If no suitable activity is found on the display, resumeTopActivityUncheckedLocked is called for the focused task. And if there are no focused tasks at all, the system launches the home Activity through resumeHomeActivity.

class RootWindowContainer extends WindowContainer<DisplayContent>
        implements DisplayManager.DisplayListener {

    boolean resumeFocusedTasksTopActivities(
            Task targetRootTask, ActivityRecord target, ActivityOptions targetOptions,
            boolean deferPause) {

        for (int displayNdx = getChildCount() - 1; displayNdx >= 0; --displayNdx) {
            final DisplayContent display = getChildAt(displayNdx);
            final boolean curResult = result;
            boolean[] resumedOnDisplay = new boolean[1];
            final ActivityRecord topOfDisplay = display.topRunningActivity();
            display.forAllRootTasks(rootTask -> {
                final ActivityRecord topRunningActivity = rootTask.topRunningActivity();
                if (!rootTask.isFocusableAndVisible() || topRunningActivity == null) {
                    return;
                }
                if (rootTask == targetRootTask) {
                    resumedOnDisplay[0] |= curResult;
                    return;
                }
                if (topRunningActivity.isState(RESUMED) && topRunningActivity == topOfDisplay) {
                    rootTask.executeAppTransition(targetOptions);
                } else {
                    resumedOnDisplay[0] |= topRunningActivity.makeActiveIfNeeded(target);
                }
            });
            result |= resumedOnDisplay[0];
            if (!resumedOnDisplay[0]) {

                final Task focusedRoot = display.getFocusedRootTask();
                if (focusedRoot != null) {
                    result |= focusedRoot.resumeTopActivityUncheckedLocked(
                            target, targetOptions, false /* skipPause */);
                } else if (targetRootTask == null) {
                    result |= resumeHomeActivity(null /* prev */, "no-focusable-task",
                            display.getDefaultTaskDisplayArea());
                }
            }
        }

        return result;
    }

}

Thus, when the user returns to the application from Recents, the system step by step raises the task from the stack, prepares the root Activity and brings it to the RESUMED state. All this happens sequentially: from searching for the task in the stack — to the final call of makeActiveIfNeeded, which essentially completes the restoration process.

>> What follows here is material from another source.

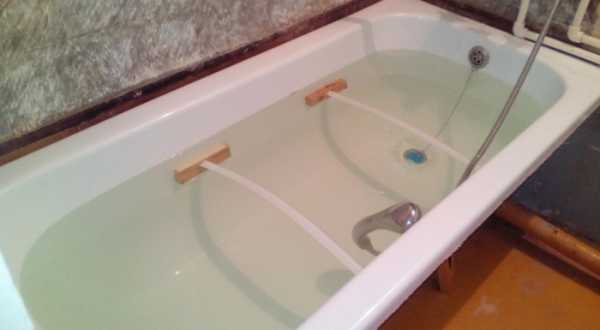 - Залив водой. Закрепленный акрил нуждается в дополнительном прессе, для этого ванну заполняют водой и оставляют на сутки.

After the window container selects the task for resumption, control passes to the resumeTopActivityUncheckedLocked method inside the Task class. Here the internal resumeTopActivityInnerLocked method is called, which finally determines which Activity needs to be launched.

class Task extends TaskFragment {

    @GuardedBy("mService")
    boolean resumeTopActivityUncheckedLocked(ActivityRecord prev, ActivityOptions options,
                                             boolean deferPause) {
        someActivityResumed = resumeTopActivityInnerLocked(prev, options, deferPause);
    }

    @GuardedBy("mService")
    private boolean resumeTopActivityInnerLocked(ActivityRecord prev, ActivityOptions options,
                                                 boolean deferPause) {
        final TaskFragment topFragment = topActivity.getTaskFragment();
        resumed[0] = topFragment.resumeTopActivity(prev, options, deferPause);
    }

}

In the resumeTopActivityInnerLocked method, the task fragment (TaskFragment) to which the top Activity is bound is extracted. This is where the concrete preparation for launching the application component begins.

Then resumeTopActivity is called in TaskFragment. Here the search for the top activity (topRunningActivity) occurs and the startSpecificActivity method is launched. Essentially, startSpecificActivity is the last point inside the system core where the decision is made: launch a new process for the activity or use an already existing one.

class TaskFragment extends WindowContainer<WindowContainer> {

    final boolean resumeTopActivity(ActivityRecord prev, ActivityOptions options,
                                    boolean skipPause) {
        ActivityRecord next = topRunningActivity(true /* focusableOnly */);
        mTaskSupervisor.startSpecificActivity(next, true, false);
        ...
        return true;
        ...
    }

}

Then the startSpecificActivity method inside ActivityTaskSupervisor. Here the process state is analyzed: if the process already exists and is bound, then the activity will be launched immediately. If the process is absent or was terminated by the system, then startProcessAsync is called to create a new process for this activity.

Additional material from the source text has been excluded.